Riftbound card rarities & variants
Riftbound's rarity system looks simple on the back of a booster pack — Common, Uncommon, Rare, Epic — but the cards collectors actually chase hide in extra treatments and a numbering system the packaging never explains. We catalogued all 997 cards across 4 sets to map exactly how Riftbound tiers, numbers and foils its cards — and how to tell a $1 bulk Common from a four-figure Signature at a glance.
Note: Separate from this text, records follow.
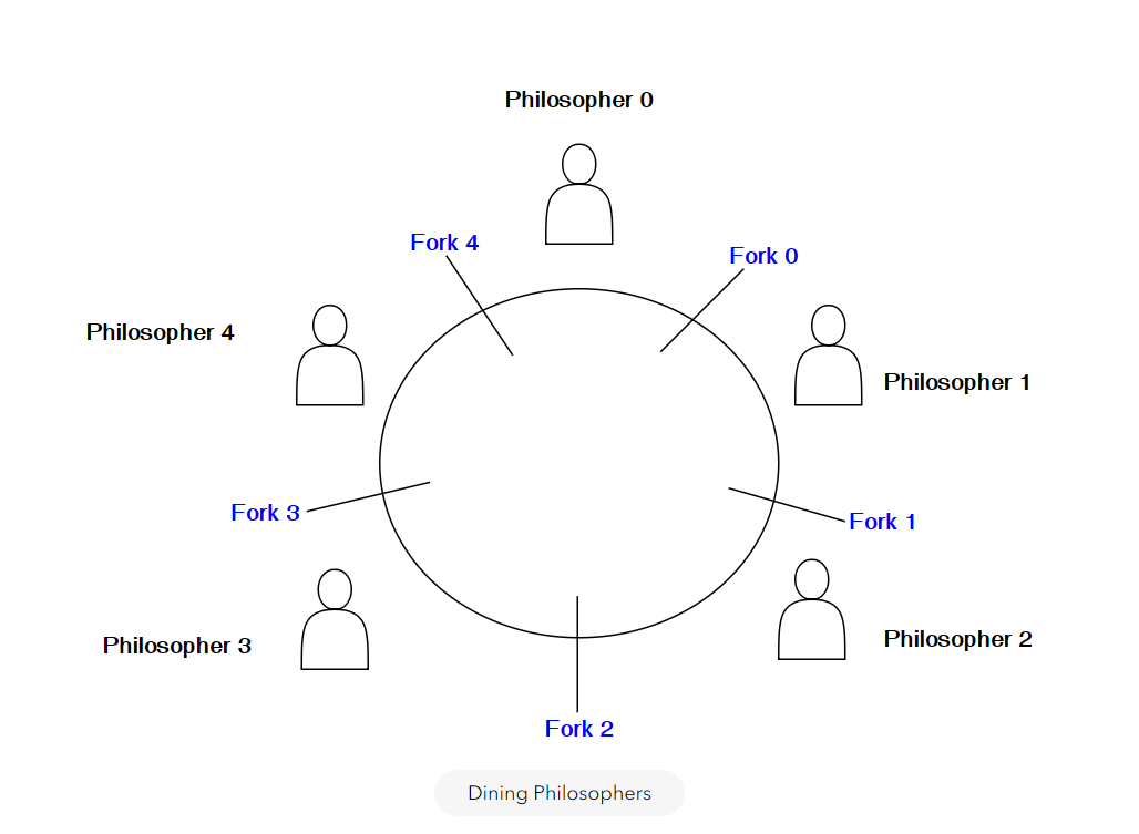 How would you solve a situation wherein 5 philosophers are eating at a roundtable, with each philosopher needing a fork in each hand in order to eat, but there are only 5 forks present?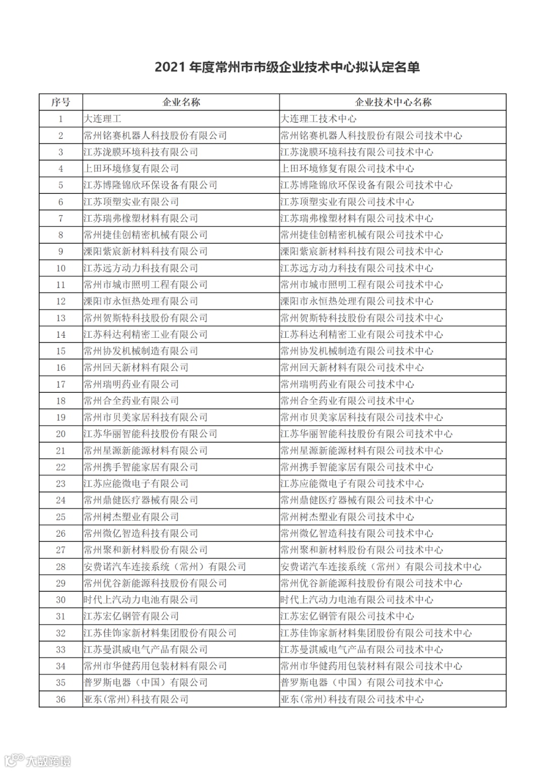 〖喜报〗祝贺我司辅导企业通过2021年度常州市市级企业技术中心名单公示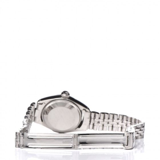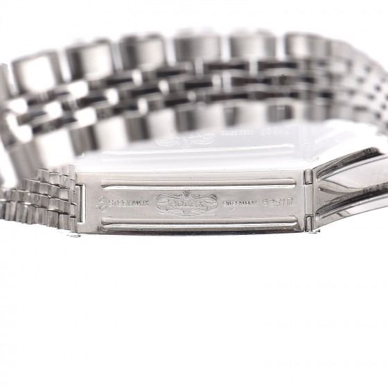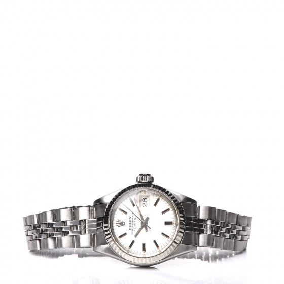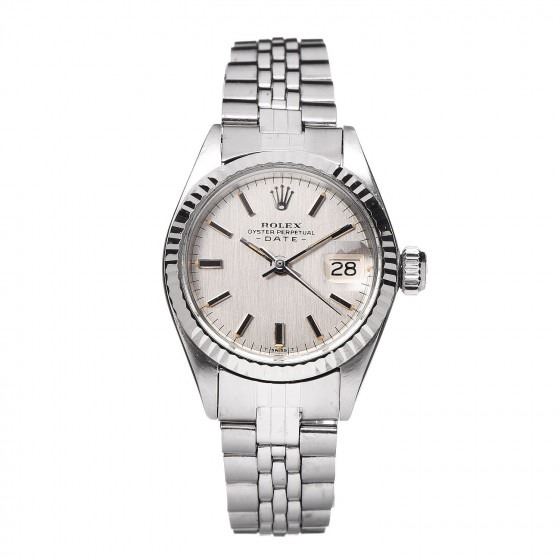 Description: ROLEX Stainless Steel 18K White Gold 26mm Oyster Perpetual Date Watch Silver 6917. Perpetual Date Watch Silver 6917. This classic watch is crafted of stainless steel with a jubilee bracelet, 18 karat white gold fluted bezel, and a silver dial with a date display

The Riftbound rarity ladder
Riftbound uses six collectible rarity tiers, plus non-collectible tokens. Here is every card we have catalogued, by tier (as of 2026-06-14):
| Rarity | Cards | What it is |
|---|---|---|
| Common | 231 | Base pool — units, gear and basic runes. The bulk of every pack. |
| Uncommon | 215 | Stronger staples; most have a foil variant. |
| Rare | 212 | Key spells, gear and champions. Foil by default in booster packs. |
| Epic | 124 | Top non-chase power cards. Foil-only in boosters. |
| Showcase | 193 | The umbrella tier for premium treatments — alternate art, Overnumbered and Signature cards. From $1 alt runes to four-figure chases. |
| Promo | 12 | Event and box-topper printings, often a variant of an existing card. |
| Token | 10 | Game pieces generated during play — not collectible, no market value. |
Note there is no "Legendary" tier — a common assumption carried over from other TCGs. The apex chase cards are Signatures, which live inside the Showcase rarity but are numbered differently (see below). You can browse and filter every card by rarity on the full card lists.
Inside a booster pack
A Riftbound booster contains 14 cards: 7 Commons, 3 Uncommons, 3 foil slots and 1 token or rune. Of the three foil slots, the first is a common/uncommon foil and the other two are rare-or-higher. Premium treatments replace cards in those back slots when they appear — and don't skip the rune slot: textured alt-art runes exist and count as premium pulls.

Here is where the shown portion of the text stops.